Lord Ellenborough asked, if on this representation the defendant was not bound to receive the plaintiff.

Mr. Topping begged leave to put a few questions to witness; and on cross-examination the witness said he had heard plaintiff say that he was God Almighty. The witness believed he was a dangerous lunatic, and so did all his medical friends to whom he mentioned the case.

*Mr. Topping said, that since the justification was made out, he was bound, in justice to Mr. Warburton to say that there did not appear the least reason to impute the slightest degree of ill-treatment to that gentleman.

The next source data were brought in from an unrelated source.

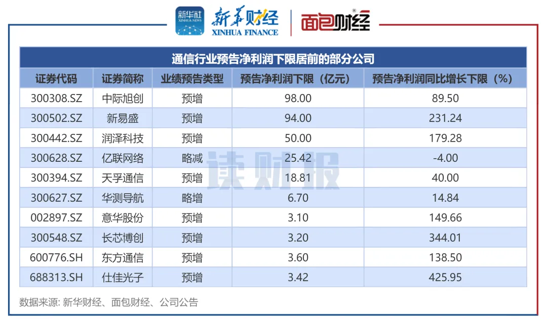 以业绩预告净利润同比变动下限统计,超五成公司通信行业上市公司实现利润增长。其中,仕佳光子净利润同比增长下限最高。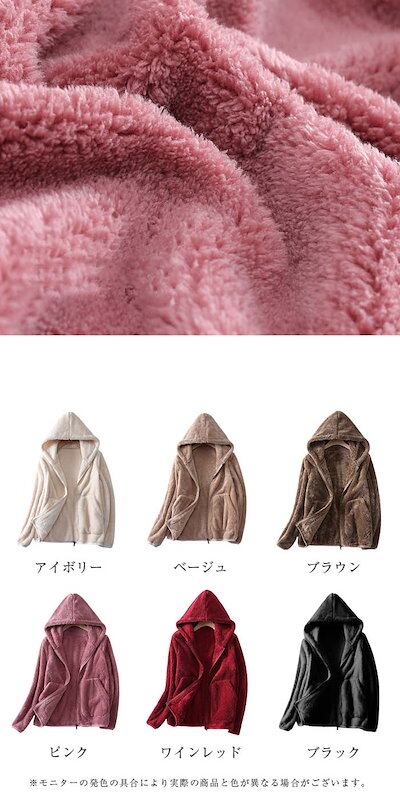 ボア パーカー ジャケット レディース フリース ブルゾン アウター カーディガン 秋 冬 ジップアップ 裏起毛 厚手 暖かい もこもこ ふわふわ フード付き 防寒 無地 軽量 防寒 可愛い ルーム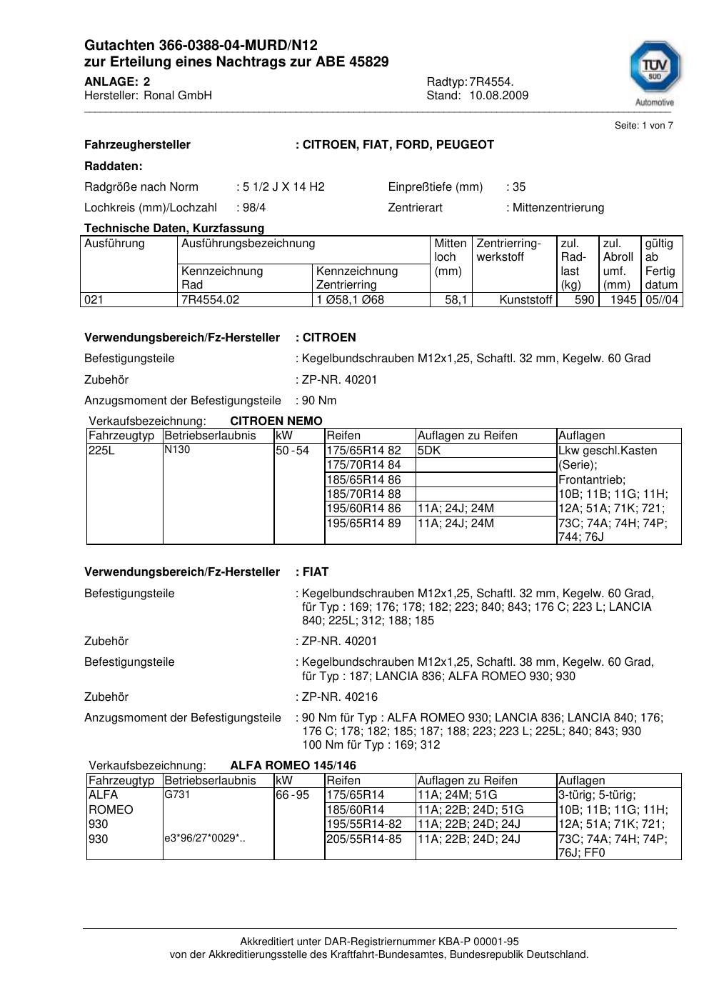Dieses Gutachten (abe) bezieht sich auf die Alufelge Ronal 7R4554 in der Ausführung 2Jx14 ET 0, Mittenloch 0 mm (KBA 45829). Im PDF findest du typischerweise zulässige Reifengrößen, Auflagen/Anbauhinweise und – je nach Dokument – Hinweise zur Eintragung.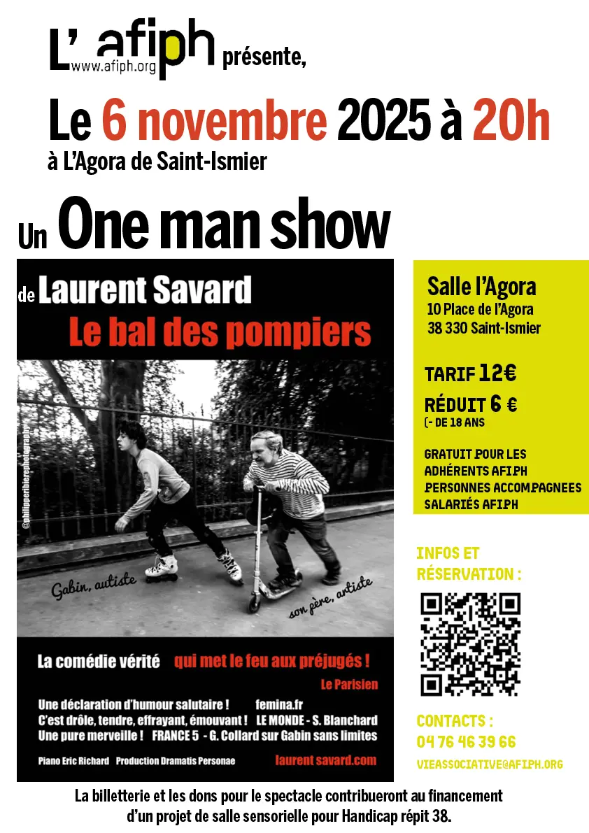 Cette année l'Afiph propose un One-man-show intitulé "le bal des pompiers" qui évoque le parcours du père d'un enfant autiste sur le ton de l'humour.
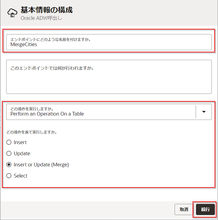 入力し終わったら、 「続行」 ボタンをクリックします。入力項目 入力する値 「エンドポイントにどのような名前をつけますか。」 MergeCities「どの操作を実行しますか。」 「Perform an Operation on a Table」 を選択 「どの操作を表で実行しますか。」 「Insert or Update (Merge)」 を選択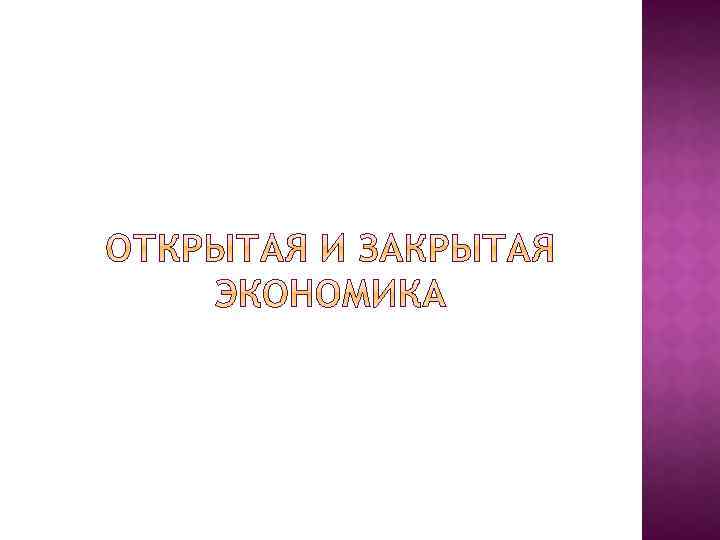 Модель открытой экономики предполагает свободу эконо мической деятельности как внутри страны, так и за ее преде лами. Открытая экономика — экономика, где все субъекты экономических отношений могут без ограничений совершать операции на международном рынке товаров, услуг, капиталов и прочих факторов производства. В отличие от закрытой экономики используется 1. свобода внешнеторговых сделок, 2. плавающий (регулируемое плавание, через валютные резервы и нормативы) валютный курс

Lord Ellenborough said, if he was justified in taking the plaintiff, that made out the justification. The strength of plaintiff's case was, that he was kept too long; but that required a new assignment. If defendant was not safe in taking the plaintiff into his house with a certificate from a medical gentleman of high character, and a relation of the plaintiff's, plaintiff's, it would be unsafe for any person to take a lunatic patient into his house. The cause, his lordship said, bad not lasted a moment too long: it was a case of the utmost importance. It was right that unfortunate persons in plaintiff's situation should know, that their

cases would be deliberately enquired into. It was impossible not to see, that considerable light was thrown on the question by the previous lunacy of plaintiff in 1801; it appeared that his mind had a tendency to madness. He recollected a case which occupied the courts a long time, in which many most respectable persons (amongst the rest, Mr. Justice Heath), testified to the sanity of a gentleman. But it appeared, that on one point, and on that alone, he was insane. He had been ill; and had taken it into his head, that his brother, who was most affectionate, had attempted to poison him; and in consequence of that impression he left his estates away from his brother; but in consequence of the proof that was given of his insanity, the will was set aside.

His lordship began to address the jury, but the plaintiff chose to be nonsuited.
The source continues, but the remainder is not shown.